Hi! I need help!
My ex gifted me a ragdoll kitten for Christmas. We have been broken up for over 6 months and he won’t let me take Hershey with me when I move. He says, it’s HIS cat, he purchased him, he signed the bill of sale…
I never seen the bill of sale for Hershey
And the breeder didn’t give Andrew Hersheys records upon adoption.
I cannot leave Hershey, him and I have such an emotional bond. What can I do to take him with me. Please help me 🫶🏻🫶🏻
u/Aware_Bed3613
Im not “submissive, feminine, soft”
He’s the “man of the house”
We split bills 50/50
I do all the cooking, cleaning, take care of pets, shopping, make his lunch, bring him his dinner plate because he just plays video games the moment he gets home/ all day on his days off.
I was working full time but still was expected to tend to womanly duties and sexually please him whenever he wanted. come home to a mess.. never once made me dinner / cleaned.. I asked once for him to take out the trash it was overflowing on the floor.. he was home all day; said I disrespected him…
I get punished if I say “no to sex, talk back, disrespect him” and he said he was “teaching me a lesson”
I got the silent treatment alll the time, blocked on everything until I would “submit”
I no longer was able to sleep in our room in bed. I slept on my couch, he took the plates off my car took my car keys, (I lost my job) will unplug WiFi/tv cords. Wouldn’t give me rides to store to buy food.
I sold everything I could have mine to support myself.
I’m able to stay longer if I sexually please him whenever he wants on demand and can’t say no, I’ve done this several times so I can sleep in a bed or get a ride to the store…
I was approved for unemployment. I bought myself a blow up mattress and plastic dressers. I lock myself in my room when he’s home. I mentally have reached my limit. I’m so stuck and I don’t have help and idk what to do. Since February of this year… I relied on my tax return to buy the car and move… I never received my taxes.. he gave me an eviction notice, may 27th idk what to do.
This is just a snip of current situation.. I hope this reaches an audience to help me.
I wish I didn’t allow you to destroy my mental and physical health.
You helped me at my lowest to condition me that I could trust you. I became codependent financially dependent for it to be taken away, everything I bought for the house, it was “your property”
You printed out an eviction notice for me.

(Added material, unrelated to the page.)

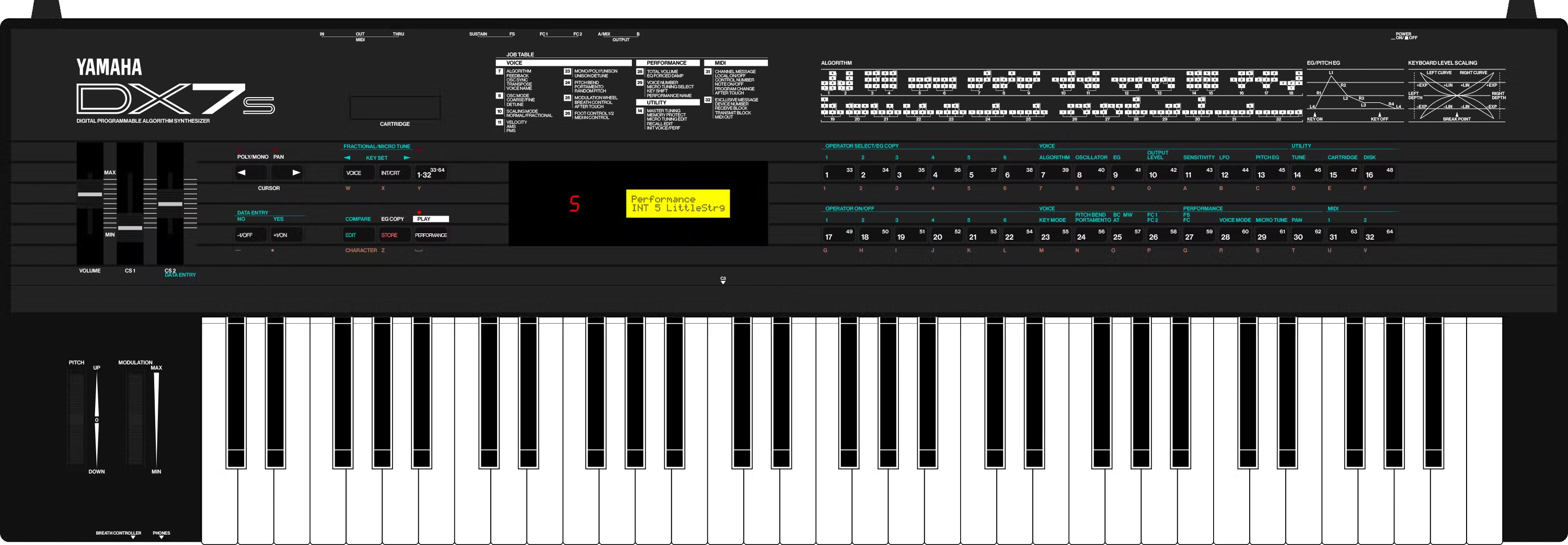 그래서 Yamaha는 FM 신디사이저 회로로 작은 DX7 신디사이저를 구축했습니다. DX7의 중요한 특징 중 하나는 그것의 훌륭한 팩토리 패치(프리셋)였습니다. 이 팩토리 패치는 화려한 피아노와 로즈 피아노, 그리고 브라스 사운드를 제공하는 것으로 사람들을 감동시켰습니다. 1983년에 소개된 이후 2년 만에 DX7은 대부분의 경쟁사를 쓸어 버렸습니다. 추가 모델은 더 많은 패치 메모리, 개선된 처리 회로, 추가 사운드 및 패치 데이터를 위한 플로피 디스크 저장 기능을 추가했습니다. “If I Say Yes”(1986)와 “Wind Beneath My Wings”(1989)에서 Yamaha DX7 사운드 소스 “ROM 128”패치 “Sloe Bells” 및 ROM-4A 패치 “Tub Bells”이 들려졌습니다. 노래 “Dreamin'”(1988) 및 “Wind Beneath My Wings”(1989) 및 Kids Incorporated “Dreamin'” 및 “Wind Beneath My Wings”커버 노래에서 Yamaha DX7 내장 패치 “Electric Piano 1”및 ROM-1A 패치 “Electric Piano 1”및 “Tub Bells”을 들을 수 있었습니다.

I have No car, no job no money
You made an agreement for me to suck your dick or fuck you, make me swallow whenever you asked, I couldn’t say no. Eventually I said no. I sleep on the couch the only piece of furniture left I own after selling anything I could to have money. You take the WiFi cord, tv cords. No car, no help,
You punish me more and more to “teach me a lesson” when I don’t obey to the “agreement” I’m locked out of the room, I can’t sleep on our bed. If I submit and suck your dick I can sleep in the bed. If we have sex you will take me to the store.. constantly put me down/criticize me, you and your brother and your friends. As if I’m the problem because of my reaction to how you treat me… I reached my limit..
I’ll share more, if anyone will listen.